**Exercise aim**
For every line below, output the text exactly and leave out images.

▼

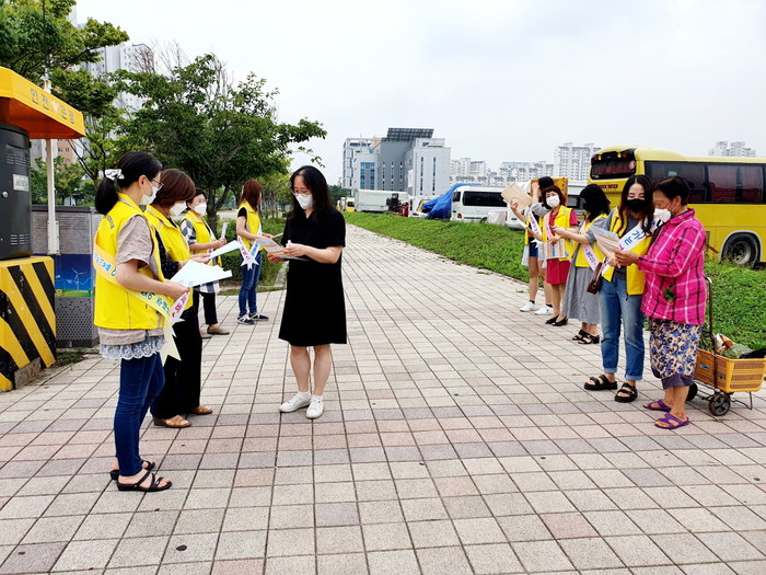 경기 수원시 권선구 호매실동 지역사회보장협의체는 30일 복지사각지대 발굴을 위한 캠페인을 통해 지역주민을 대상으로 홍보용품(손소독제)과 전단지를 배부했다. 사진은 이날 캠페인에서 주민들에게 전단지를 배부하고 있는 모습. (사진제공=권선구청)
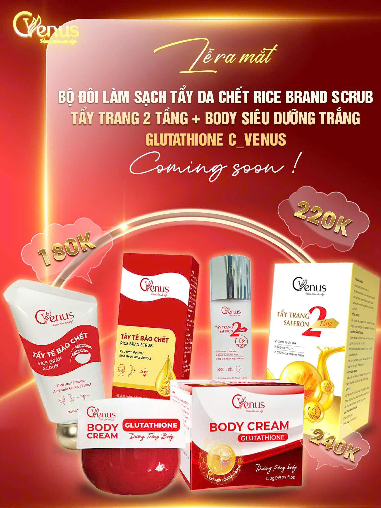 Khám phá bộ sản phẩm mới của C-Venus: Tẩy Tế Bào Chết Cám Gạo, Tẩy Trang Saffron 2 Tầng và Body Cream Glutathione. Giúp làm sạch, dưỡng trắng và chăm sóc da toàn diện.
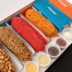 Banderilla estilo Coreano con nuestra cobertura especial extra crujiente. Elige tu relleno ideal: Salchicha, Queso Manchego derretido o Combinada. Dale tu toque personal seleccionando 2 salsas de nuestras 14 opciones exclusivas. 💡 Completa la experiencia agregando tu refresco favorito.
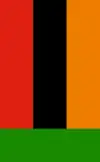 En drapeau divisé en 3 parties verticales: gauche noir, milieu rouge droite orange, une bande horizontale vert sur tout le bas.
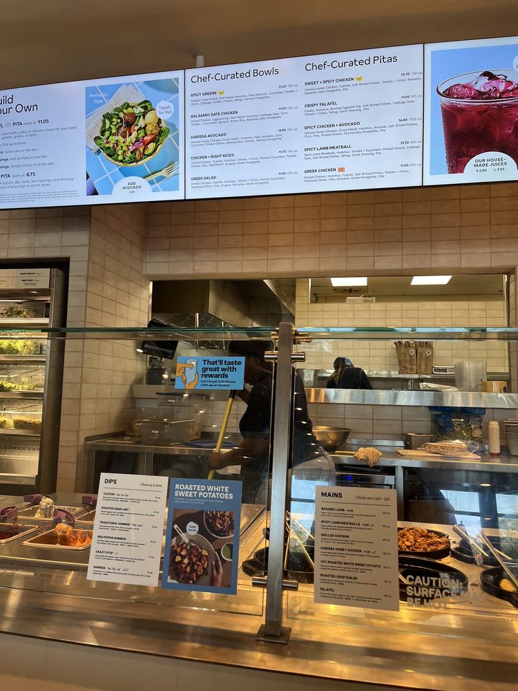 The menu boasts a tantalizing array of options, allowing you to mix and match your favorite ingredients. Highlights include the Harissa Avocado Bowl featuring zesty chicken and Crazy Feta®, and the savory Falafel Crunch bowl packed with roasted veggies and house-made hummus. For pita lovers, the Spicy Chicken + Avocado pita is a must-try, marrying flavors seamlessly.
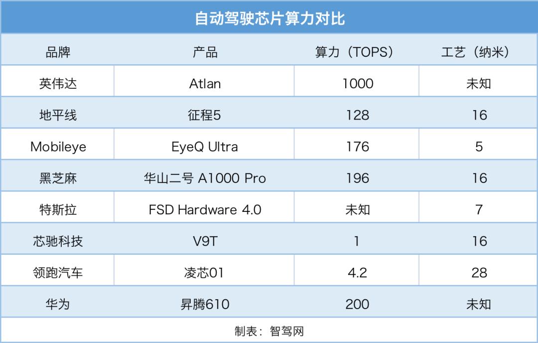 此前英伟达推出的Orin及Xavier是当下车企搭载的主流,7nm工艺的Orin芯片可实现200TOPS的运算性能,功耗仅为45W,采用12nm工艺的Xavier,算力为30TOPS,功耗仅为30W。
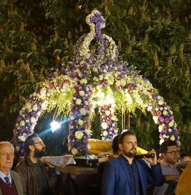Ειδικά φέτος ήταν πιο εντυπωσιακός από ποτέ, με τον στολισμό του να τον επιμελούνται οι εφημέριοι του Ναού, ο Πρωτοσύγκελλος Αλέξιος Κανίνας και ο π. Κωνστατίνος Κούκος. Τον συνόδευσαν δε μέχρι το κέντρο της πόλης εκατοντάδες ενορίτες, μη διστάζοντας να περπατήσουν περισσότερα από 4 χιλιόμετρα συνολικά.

▲

**Response to this exercise**
 경기 수원시 권선구 호매실동 지역사회보장협의체는 30일 복지사각지대 발굴을 위한 캠페인을 통해 지역주민을 대상으로 홍보용품(손소독제)과 전단지를 배부했다. 사진은 이날 캠페인에서 주민들에게 전단지를 배부하고 있는 모습. (사진제공=권선구청)
 Khám phá bộ sản phẩm mới của C-Venus: Tẩy Tế Bào Chết Cám Gạo, Tẩy Trang Saffron 2 Tầng và Body Cream Glutathione. Giúp làm sạch, dưỡng trắng và chăm sóc da toàn diện.
 Banderilla estilo Coreano con nuestra cobertura especial extra crujiente. Elige tu relleno ideal: Salchicha, Queso Manchego derretido o Combinada. Dale tu toque personal seleccionando 2 salsas de nuestras 14 opciones exclusivas. 💡 Completa la experiencia agregando tu refresco favorito.
 En drapeau divisé en 3 parties verticales: gauche noir, milieu rouge droite orange, une bande horizontale vert sur tout le bas.
 The menu boasts a tantalizing array of options, allowing you to mix and match your favorite ingredients. Highlights include the Harissa Avocado Bowl featuring zesty chicken and Crazy Feta®, and the savory Falafel Crunch bowl packed with roasted veggies and house-made hummus. For pita lovers, the Spicy Chicken + Avocado pita is a must-try, marrying flavors seamlessly.
 此前英伟达推出的Orin及Xavier是当下车企搭载的主流,7nm工艺的Orin芯片可实现200TOPS的运算性能,功耗仅为45W,采用12nm工艺的Xavier,算力为30TOPS,功耗仅为30W。
Ειδικά φέτος ήταν πιο εντυπωσιακός από ποτέ, με τον στολισμό του να τον επιμελούνται οι εφημέριοι του Ναού, ο Πρωτοσύγκελλος Αλέξιος Κανίνας και ο π. Κωνστατίνος Κούκος. Τον συνόδευσαν δε μέχρι το κέντρο της πόλης εκατοντάδες ενορίτες, μη διστάζοντας να περπατήσουν περισσότερα από 4 χιλιόμετρα συνολικά.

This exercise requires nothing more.